しかし問題は、その結果として、本来ベンチや広場が持っていた「座れる場所」「休める場所」の機能が著しく低下してしまっていることである。治安向上の目的が先走りすぎ、そもそも、疲れた時に気軽にベンチに座ったり、広場でたむろすることができなくなっているのだ。

五十嵐は、こうした排除アートの存在について「誰かを排除するベンチではなく、まさに誰もが座りにくいベンチ。そのことを問題にすべきだ」と指摘する(2024年4月10日「SNSで広がった「意地悪ベンチ」論争 排除の対象はホームレス?酔っぱらい?それとも…」/東京新聞)。

③ 日本人の意識の変化

もう1つの理由は、都市そのものというより私たちの意識の問題だ。日本の街が「座りにくい」のは、日本人の「周りからの目」を気にする性質もあるかもしれない。

渋谷にあるガードレール風ベンチ
渋谷にあるガードレール風のベンチ(のような何か)。腰掛けようと思えば腰掛けられるが、使っている多くが訪日客だ(編集部撮影)

今、渋谷の街にあるベンチに座るのは多くがインバウンド観光客だし、彼らはパルコ前にある階段、ガードレールかのような物体などにも腰掛けていて、貪欲に座るところを見つけている。彼らを見ていると、渋谷は決して座る場所がないわけではない。「いじわる」に、鈍感になることができれば、座ることはできるのだ。

ただ、こうした行為は日本人からは不評で、しばしばインバウンドに対する批判として上がるポイントでもある。

公共空間づくりについて語る際によく言われるのは、日本の都市には「広場」と言われるものがなく、広場慣れしていない、ということだ。確かに外国にあるように街の中心地の広場で休む、みたいなことを日本で想像するのは難しい。日本の駅前広場は往々にして閑散としている。その点、外国人のほうが、街中のスペースを使うことに躊躇がない感じがするのは確かだろう。

「広場化」に向けられる冷たい視線

しかし、かつて日本人は、空間を「広場」にすることに慣れていた。

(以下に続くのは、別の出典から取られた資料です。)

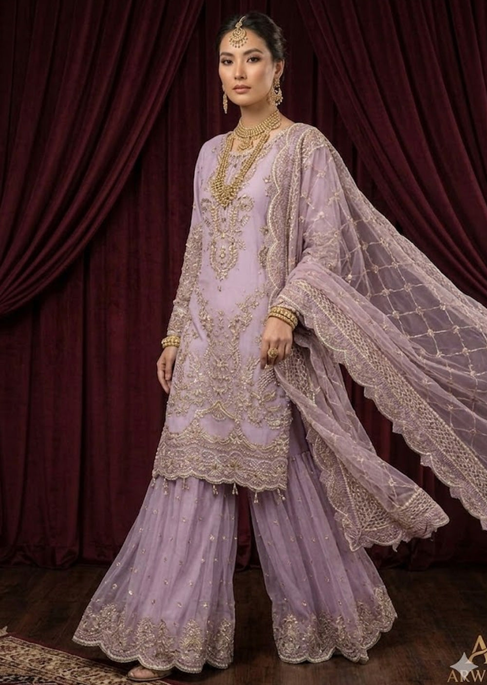 Embrace festive elegance with this stunning three-piece light purple chiffon ensemble. The short-length shirt is adorned with intricate antique gold embroidery and sparkling stone embellishments, creating a regal statement. It pairs beautifully with a voluminous chiffon sharara featuring subtle vertical shimmer lines and a wide embroidered border. A matching net dupatta with a velvet-trimmed border and cross-hatch embroidery completes the look, offering a layered and sophisticated finish—perfect for weddings, cultural celebrations, and special occasions.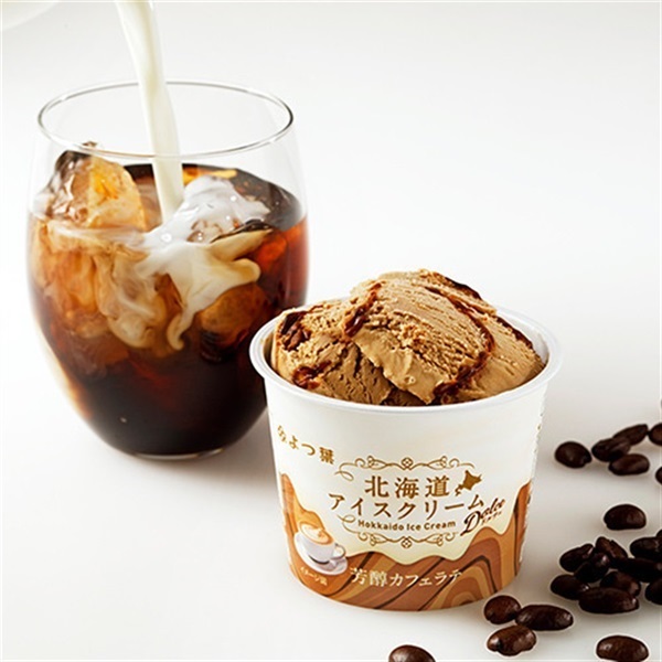 芳醇カフェラテ…ミルク感のあるコーヒーアイスに、ほろ苦いエスプレッソソースが溶け合う大人のアイス。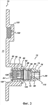 Фиг.3 – вид в разрезе образца взрывобезопасного узла 70, имеющего внутреннюю камеру 71 и образец узла датчика 72 манометрического давления, прикрепленного к ней. Образец узла датчика 72 манометрического давления содержит корпус 74, имеющий входной участок 76 и соединительный участок 78, чувствительный элемент 80 манометрического давления, узел печатной схемы 82 и пламегаситель 84.

建築評論家の伊藤ていじは、日本の広場は「広場化することによって存在してきた」(都市デザイン研究体『日本の広場』/2009年・彰国社)という。

例えば、かつて新宿駅西口では「新宿駅西口フォークゲリラ」という反戦活動が大規模に行われたことがあったが、これも本来は駅の通路に過ぎない場所を「広場」のように使って行われたものだった。また、団地の通路なども広場のように使われている事例もあって、日本人が貪欲に空間を「広場」にしてきたことがわかる。

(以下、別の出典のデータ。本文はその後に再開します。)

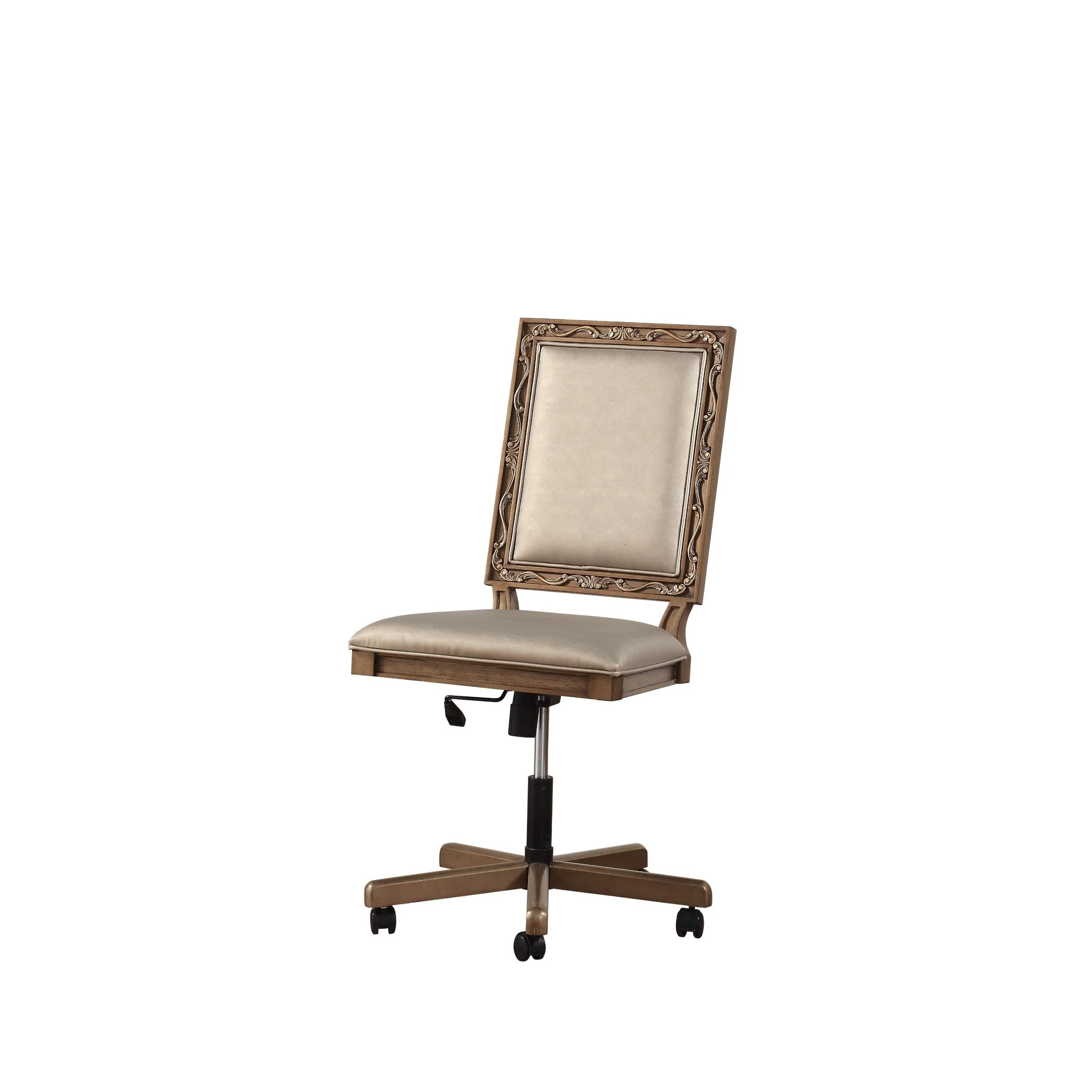 Swivel Office Chair, Beige Fabric with Nailhead Trim, Chrome

広場という空間が最初から与えられるのではなく、そこを広場のようにしていくのが日本人の特徴だったのだ。かつて渋谷にいたジベタリアンなどは、まさに広場化の典型例だったのかもしれない。

しかし、先ほども触れたような再開発の進展や防犯意識の高まりによって、こうした広場化のきっかけがなくなっていたり、抑えつけられているのではないか。実際、現在では地べたに座ることや、本来座る場所でないところに座る行為には厳しい目が向けられる。昨今のトー横キッズたちに対する厳しい視線もこれを表しているだろう。